11. In the present case the revisionist had already sent the challani report to the office of the A.R.T.O. on 11.4.2001, much prior to receipt of the show cause notice, therefore, it can not be contended that he diverted the challani report to defy the order of the court. He did so under the orders of the Superintendent of Police so as to enable the A.R.T.O. to assess and recover the tax, if any, payable on the vehicle. It appears that the courts below took a serious note of the reply furnished by the revisionist that the challani report was submitted to the office of the A.R.T.O. on account of a government order, but there was no such government order. In this connection, the revisionist had very categorically explained his position and alleged in the subsequent reply that due to clerical error he made a reference of the government order in his previous reply and further stated that there was an order of the Superintendent of Police to file challani report under the Motor Vehicles Act in the court through the A.R.T.O. But the courts below did not give any due consideration to this clarification of the revisionist. It is also a notable fact that the revisionist had further disclosed in his reply that a sum of Rs. 1,27,000/- as tax was payable on the vehicle, therefore, the matter was referred to the A.R.T.O. to recover the tax. In view of huge arrears of tax payable by the owner of the vehicle, the submission of the challani report to the A.R.T.O. can not be said to be unjustified rather it was proper. It is for the police/administrative authority to decide as to how a challani report/charge sheet is to be routed to the court and if any such decision to route the challani report/ charge sheet through any officer is taken, it can not be held that direction of the police/administrative authority is not tenable in law. The revisionist had further explained his position so far as the delay in furnishing the reply or his non-appearance in the court is concerned. He had clarified that he had been required to go to the Police Academy, Hyderabad for imparting training to trainee I.P.S. officers and accordingly he could not furnish the reply earlier. Therefore, the delay, if any, on his behalf to furnish the reply or the default in appearing in the court does not seem to be deliberate. There was no material on record to discard this explanation of the revisionist.
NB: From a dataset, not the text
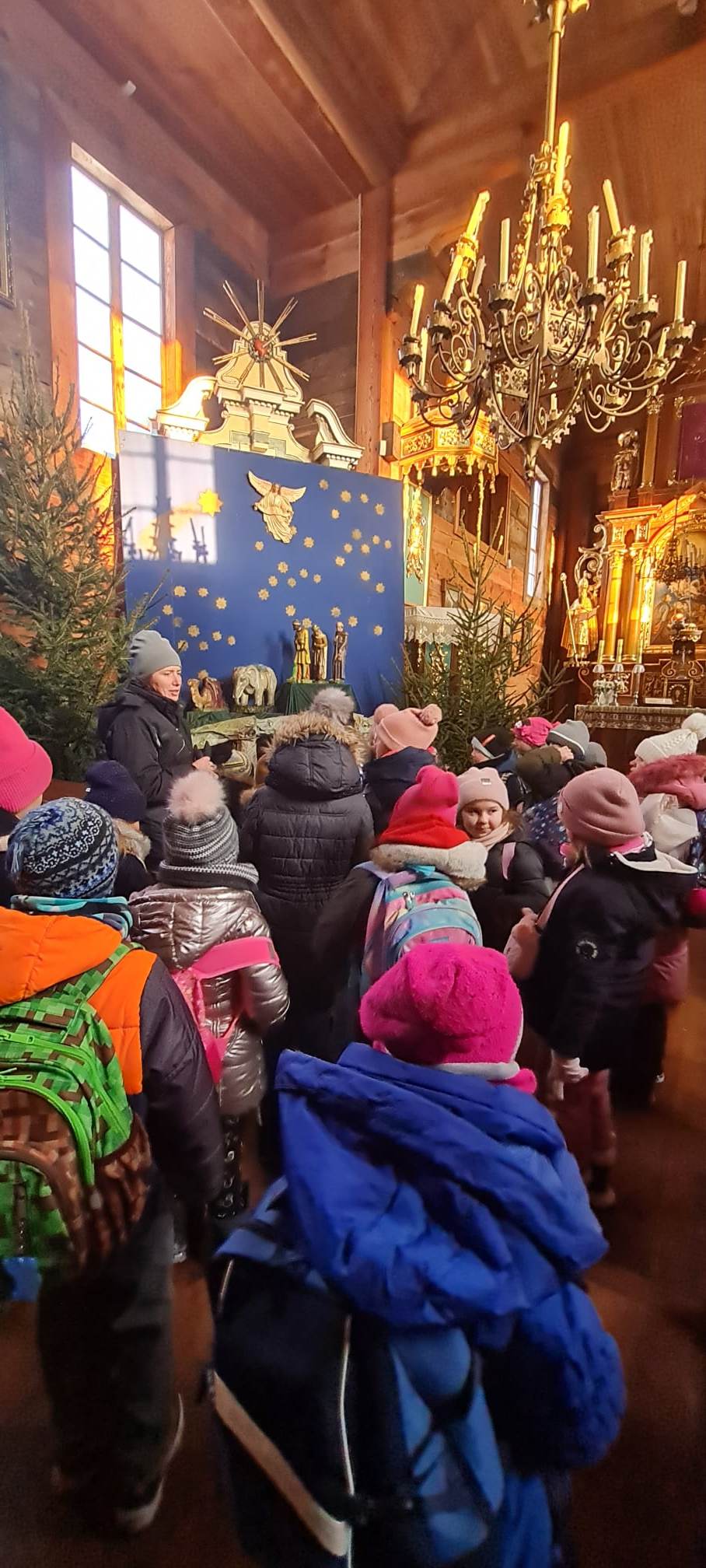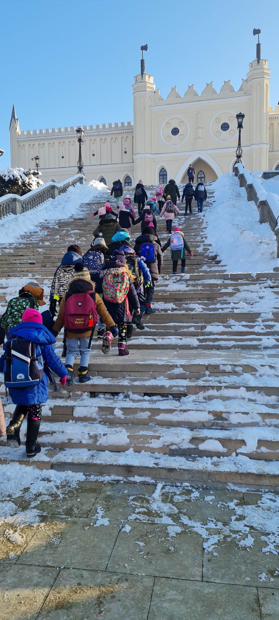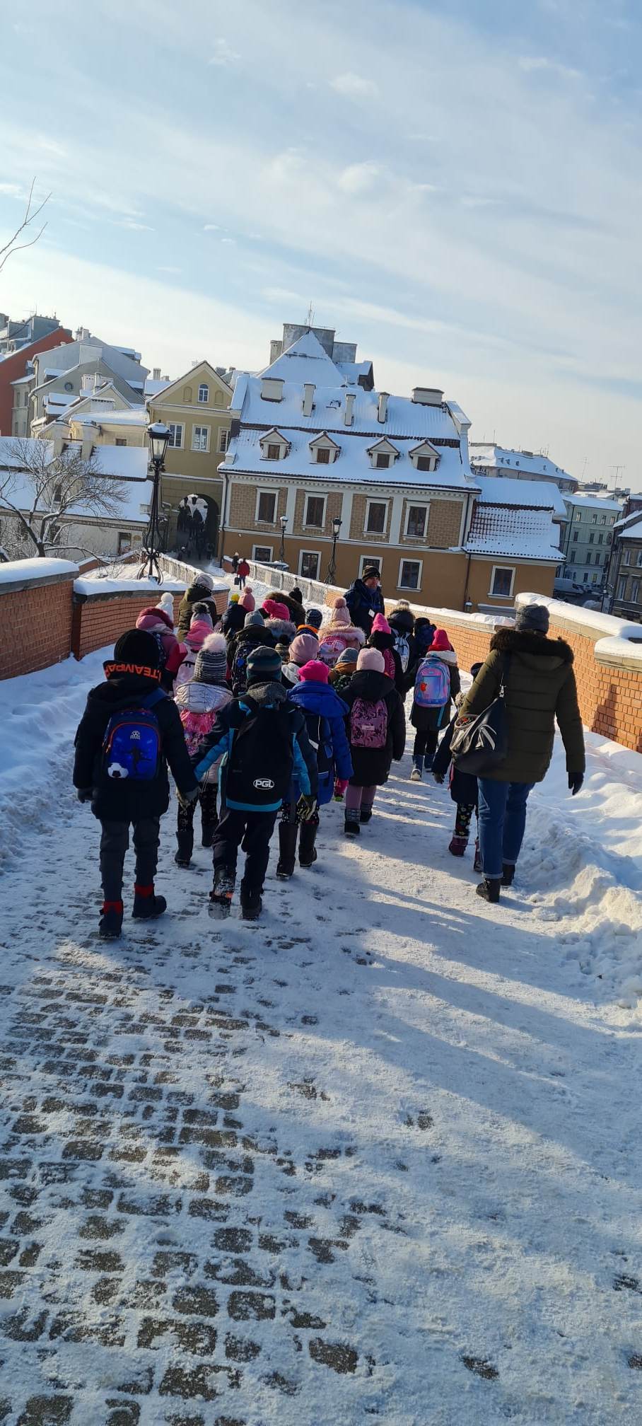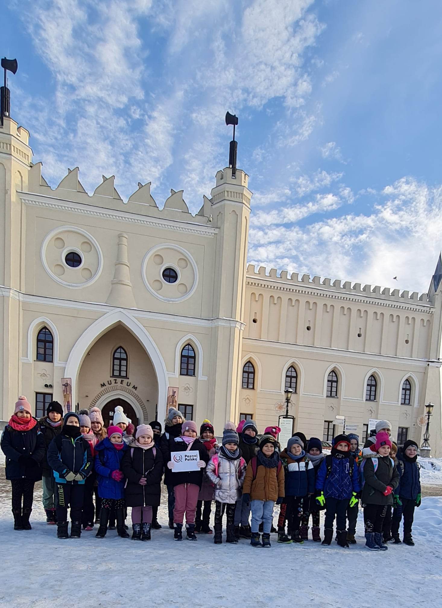 Poranek 14 grudnia przywitał nas siarczystym mrozem. Nie zrażeni tym faktem, uczniowie klas I–III stawili się na długo wyczekiwaną wycieczkę do Lublina. Pierwszym punktem naszego wyjazdu było Muzeum Narodowe w Lublinie. Dla większości dzieci była to pierwsza w życiu wizyta w muzeum i okazja do poznania najważniejszych pojęć związanych z muzealnictwem, takich jak: eksponat, wystawa,czy kolekcja. Pod opieką pani przewodnik dzieci zastanawiały się, po co istnieją muzea i o czym mogą nam powiedzieć gromadzone w nich przedmioty. Następnie pod opieką przewodnika miejskiego ruszyliśmy na krótki spacer „Szlakiem lubelskich legend”, podczas którego uczniowie poznawali historię miasta poprzez najciekawsze opowieści i podania, w tym najsłynniejszą „Legendę o Czarciej Łapie’. Kolejnym punktem naszej wycieczki była wizyta w Muzeum wsi Lubelskiej, które o tej porze roku prezentuje bożonarodzeniowy świąteczny wystrój. Pani przewodnik opowiedziała nam o tradycjach związanych z ozdobą domostw i z wieczerzą wigilijną. W izbie nad stołem wisiał ręcznie wykonany kolorowy pająk. W salonie dworu obejrzeliśmy drzewko bożonarodzeniowe ubrane w tradycyjne ozdoby: gwiazdy z pazłotka po cukierkach, długi biały łańcuch składający się z drobnych ogniw słomkowo-bibułowych oraz barwne ozdoby z naturalnych surowców takich, jak wydmuszki jajek, szyszki czy orzechy włoskie malowane farbką na złoto. W zabytkowym kościele obejrzeliśmy piękną szopkę z zabytkowymi figurami. Wszyscy wrócili z wycieczki szczęśliwi, pełni entuzjazmu, ale też bogatsi o nowe doświadczenia i zasoby wiedzy. Z pewnością wspomnienia z tej wycieczki pozostaną z nami na długo.

12. For the reasons disclosed above, l am of the view that the revisionist has furnished satisfactory explanation for not submitting the challani report in the court in time and also for not personally appearing in the court. The explanations furnished by the revisionist fall well within the category of reasonable excuse provided in section 349 of the Code, therefore, the courts below were not justified in convicting and sentencing the revisionist under section 349 of the Code.
13. The revision is, therefore, allowed. The impugned order dated 18.5.2001 passed by the Chief Judicial Magistrate, Sonebhadra as well as the revisional court's order dated 13.2.2004 are quashed. Consequently the proceedings initiated against the revisionist under section 349 of the Code are dropped.